(Task item):
From the material below, retype exactly the lines that begin at the line with "己書に初めてチャレンジ!" and end after the line with "Dvojstranu pripravil V. Fedič a Z. Petrová"; pictures stay out of the copy.

============

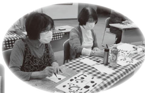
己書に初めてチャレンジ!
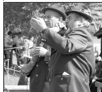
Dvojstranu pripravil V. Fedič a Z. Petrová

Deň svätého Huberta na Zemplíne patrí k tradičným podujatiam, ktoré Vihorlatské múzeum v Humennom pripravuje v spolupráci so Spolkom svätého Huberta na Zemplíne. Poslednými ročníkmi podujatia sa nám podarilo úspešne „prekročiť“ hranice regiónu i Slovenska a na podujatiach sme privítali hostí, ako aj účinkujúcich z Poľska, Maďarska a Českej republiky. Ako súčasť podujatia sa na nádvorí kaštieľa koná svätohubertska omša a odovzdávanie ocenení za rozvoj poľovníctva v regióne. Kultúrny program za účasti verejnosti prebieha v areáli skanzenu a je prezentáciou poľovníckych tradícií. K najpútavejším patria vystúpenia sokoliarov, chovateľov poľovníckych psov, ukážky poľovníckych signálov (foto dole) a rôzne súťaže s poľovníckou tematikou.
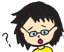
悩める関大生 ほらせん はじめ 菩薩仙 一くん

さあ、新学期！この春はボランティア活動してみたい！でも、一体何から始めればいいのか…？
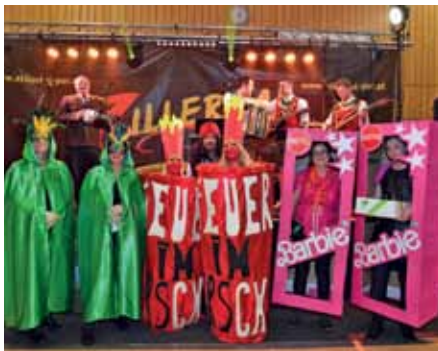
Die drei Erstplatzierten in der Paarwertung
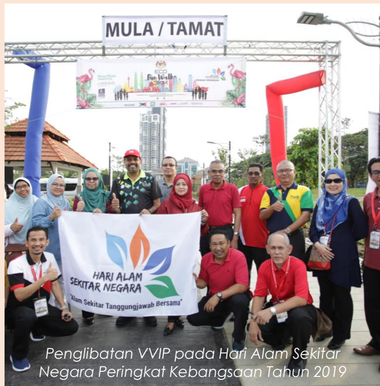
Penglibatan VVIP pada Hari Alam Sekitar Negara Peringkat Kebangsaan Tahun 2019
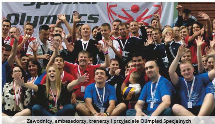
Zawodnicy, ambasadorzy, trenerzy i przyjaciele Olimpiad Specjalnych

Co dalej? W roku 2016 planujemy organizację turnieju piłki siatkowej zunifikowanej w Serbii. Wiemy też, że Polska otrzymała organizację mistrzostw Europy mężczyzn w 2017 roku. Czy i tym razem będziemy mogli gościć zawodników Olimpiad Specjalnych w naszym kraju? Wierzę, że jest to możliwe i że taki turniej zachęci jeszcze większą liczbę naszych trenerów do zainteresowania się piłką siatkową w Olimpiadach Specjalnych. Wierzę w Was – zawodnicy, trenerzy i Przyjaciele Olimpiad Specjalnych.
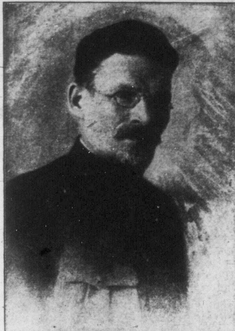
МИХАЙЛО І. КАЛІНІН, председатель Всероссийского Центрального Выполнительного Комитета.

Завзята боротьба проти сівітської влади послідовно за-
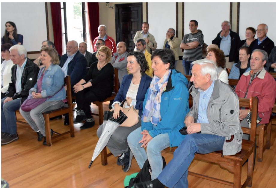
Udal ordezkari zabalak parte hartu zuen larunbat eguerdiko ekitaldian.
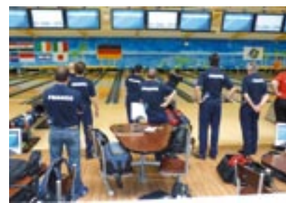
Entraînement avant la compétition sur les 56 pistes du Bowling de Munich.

============

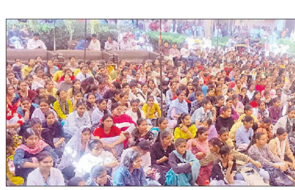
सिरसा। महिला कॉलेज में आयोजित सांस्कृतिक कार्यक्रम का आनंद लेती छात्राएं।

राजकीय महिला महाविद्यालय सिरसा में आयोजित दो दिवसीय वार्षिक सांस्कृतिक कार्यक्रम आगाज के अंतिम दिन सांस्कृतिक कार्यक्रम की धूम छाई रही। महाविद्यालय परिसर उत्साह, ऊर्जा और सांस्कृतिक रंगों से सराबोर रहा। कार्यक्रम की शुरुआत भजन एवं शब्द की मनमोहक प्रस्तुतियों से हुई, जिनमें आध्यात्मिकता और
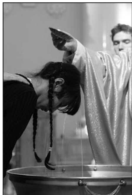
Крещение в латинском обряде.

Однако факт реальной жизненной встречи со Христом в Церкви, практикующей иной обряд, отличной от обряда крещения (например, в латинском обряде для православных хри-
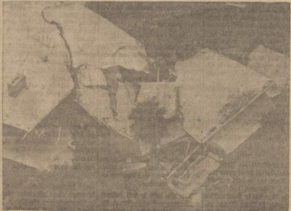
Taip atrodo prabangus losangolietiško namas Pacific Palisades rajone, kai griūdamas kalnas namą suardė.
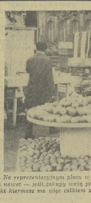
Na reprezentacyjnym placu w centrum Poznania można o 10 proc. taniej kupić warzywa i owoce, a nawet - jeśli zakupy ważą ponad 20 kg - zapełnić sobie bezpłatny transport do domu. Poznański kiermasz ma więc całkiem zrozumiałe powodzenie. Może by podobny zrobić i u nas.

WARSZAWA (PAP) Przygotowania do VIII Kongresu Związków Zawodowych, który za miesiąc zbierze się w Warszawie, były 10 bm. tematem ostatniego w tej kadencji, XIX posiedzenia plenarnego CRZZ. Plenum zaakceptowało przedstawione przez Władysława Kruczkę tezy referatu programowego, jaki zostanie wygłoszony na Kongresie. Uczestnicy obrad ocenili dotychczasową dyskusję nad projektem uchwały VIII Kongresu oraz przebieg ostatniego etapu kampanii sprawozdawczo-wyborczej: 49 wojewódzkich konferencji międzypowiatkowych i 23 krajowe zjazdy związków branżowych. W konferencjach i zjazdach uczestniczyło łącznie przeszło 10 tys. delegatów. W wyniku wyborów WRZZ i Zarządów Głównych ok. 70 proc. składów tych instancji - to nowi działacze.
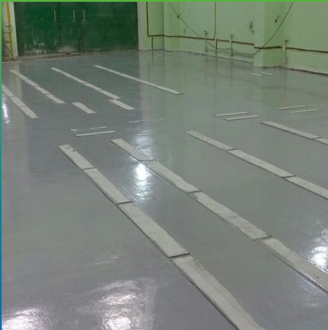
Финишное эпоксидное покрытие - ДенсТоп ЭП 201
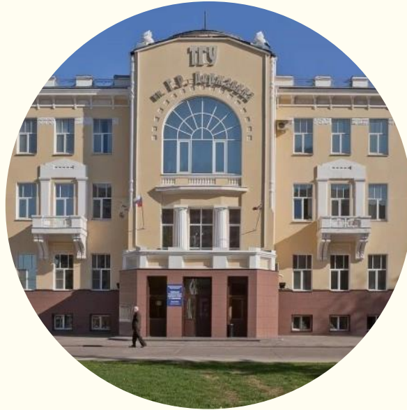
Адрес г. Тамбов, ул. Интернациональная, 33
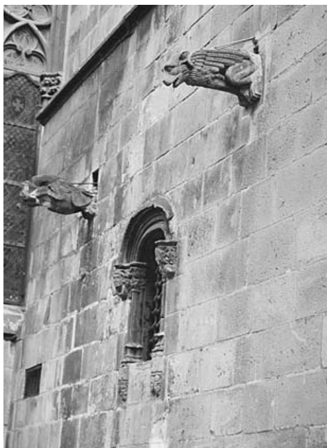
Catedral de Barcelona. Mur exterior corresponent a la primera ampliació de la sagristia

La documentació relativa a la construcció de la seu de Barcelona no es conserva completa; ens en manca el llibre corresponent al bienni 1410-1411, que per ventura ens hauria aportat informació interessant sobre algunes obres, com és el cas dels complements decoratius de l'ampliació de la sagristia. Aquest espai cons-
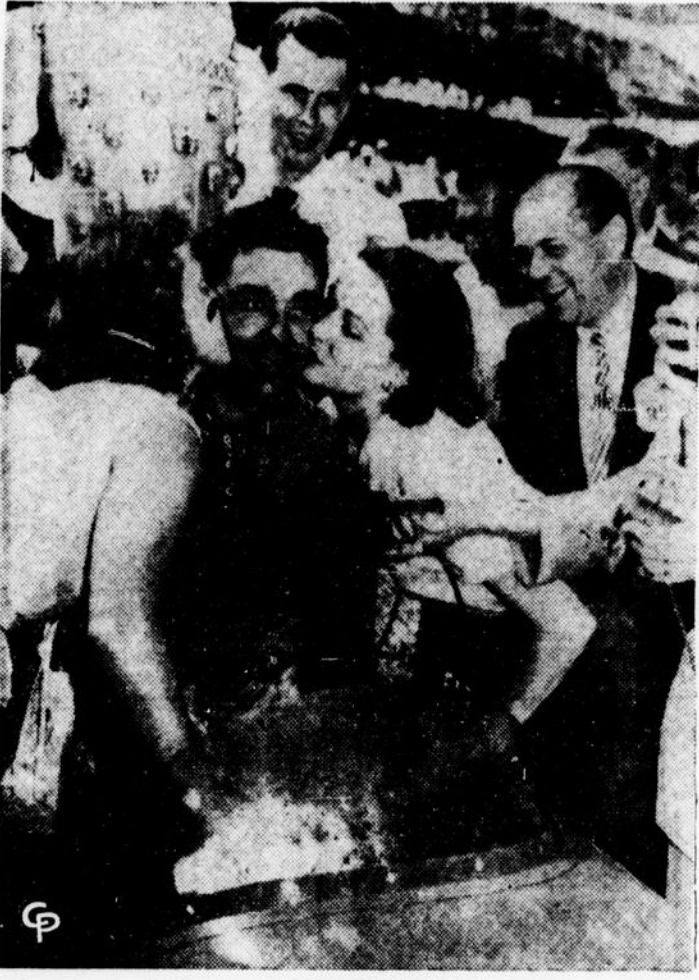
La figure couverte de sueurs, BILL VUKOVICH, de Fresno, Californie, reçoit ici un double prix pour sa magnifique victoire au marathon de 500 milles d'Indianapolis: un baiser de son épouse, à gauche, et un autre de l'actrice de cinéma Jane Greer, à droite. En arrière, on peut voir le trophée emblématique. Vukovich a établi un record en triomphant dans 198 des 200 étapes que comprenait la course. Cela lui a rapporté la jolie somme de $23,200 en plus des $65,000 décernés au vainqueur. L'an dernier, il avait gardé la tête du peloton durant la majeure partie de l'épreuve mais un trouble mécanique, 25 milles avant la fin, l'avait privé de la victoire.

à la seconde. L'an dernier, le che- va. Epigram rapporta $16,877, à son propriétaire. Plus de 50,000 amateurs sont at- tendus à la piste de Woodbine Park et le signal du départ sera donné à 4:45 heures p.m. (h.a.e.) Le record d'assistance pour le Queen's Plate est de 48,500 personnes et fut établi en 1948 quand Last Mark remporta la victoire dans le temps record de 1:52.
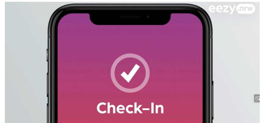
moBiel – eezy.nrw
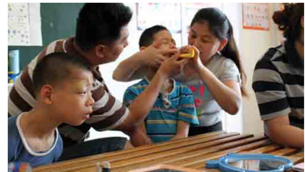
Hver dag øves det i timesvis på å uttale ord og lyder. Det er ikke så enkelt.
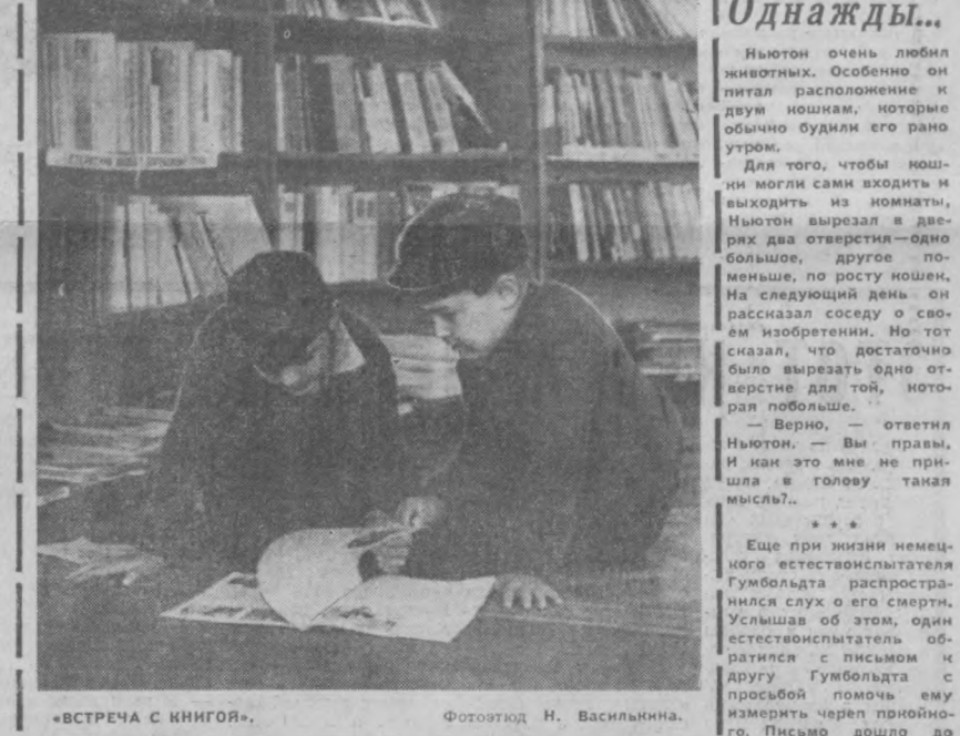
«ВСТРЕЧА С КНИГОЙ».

============

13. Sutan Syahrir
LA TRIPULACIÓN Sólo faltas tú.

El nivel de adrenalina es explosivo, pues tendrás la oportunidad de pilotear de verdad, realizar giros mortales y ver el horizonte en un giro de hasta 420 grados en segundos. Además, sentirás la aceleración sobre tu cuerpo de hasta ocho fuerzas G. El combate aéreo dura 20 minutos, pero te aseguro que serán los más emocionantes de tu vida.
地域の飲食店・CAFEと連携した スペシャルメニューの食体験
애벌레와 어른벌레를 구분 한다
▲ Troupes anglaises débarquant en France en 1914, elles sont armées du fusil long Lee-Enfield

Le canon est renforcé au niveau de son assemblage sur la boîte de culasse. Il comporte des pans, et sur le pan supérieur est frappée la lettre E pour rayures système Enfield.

============

(Written response):
己書に初めてチャレンジ!
Dvojstranu pripravil V. Fedič a Z. Petrová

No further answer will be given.